-1

I've read these two pages: Understanding Streaming Multiprocessors (SM) and Streaming Processors (SP), How Concurrent blocks can run a single GPU streaming multiprocessor? But I am still confusing about the hardware structure.

  1. Is SM a SIMT(single instruction multi thread) structure?

Suppose there are 8 SPs in a given SM. If different blocks can be executed in a same SM, these SPs will have different instructions. So my understanding is: SM will give different SP different instruction.

  1. Are the threads in a same warp executed simultaneously?

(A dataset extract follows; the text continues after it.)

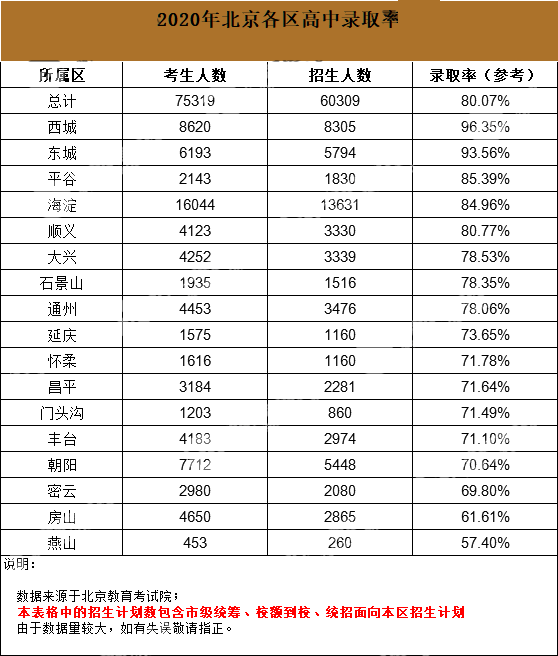 表1为2021年各区高中录取率,招生计划包含市级统筹、校额到校、统招、国际班/校面向本区招生的计划;表2为2020年各区高中录取比例,招生计划为市级统筹、校额到校、统招面向本区招生计划。

Suppose there are 8 SPs in a given SM. A warp is in the SM. Since several warps may run in the SM, I suppose 4 SPs are running this warp. There are 32 threads in this warp, but only 4 SPs can run them. So it will actually take 8 cycles to run this warp? I also heard someone said that all the threads in a warp run serially. I don't know what is the truth...

Community
  • 1
  • 1
飞 Soar
  • 1
  • 2
  • similar question [here](http://stackoverflow.com/questions/12212003/how-concurrent-blocks-can-run-a-single-gpu-streaming-multiprocessor) and [here](http://stackoverflow.com/questions/20771358/how-do-a-sm-in-cuda-run-multiple-blocks-simultaneously) – Robert Crovella Jul 22 '16 at 02:30

1 Answers1

-1

Several blocks can run in a single SM. According to this presentation (slide 19 - thanks @RobertCrovela), blocks can be emitted from different kernels. When running from the same kernel, block index can be seen as a supplemental level of thread index, up to some limit (different for each architecture and kernel). However, I have never experienced two different streams running at the same time on a given SM.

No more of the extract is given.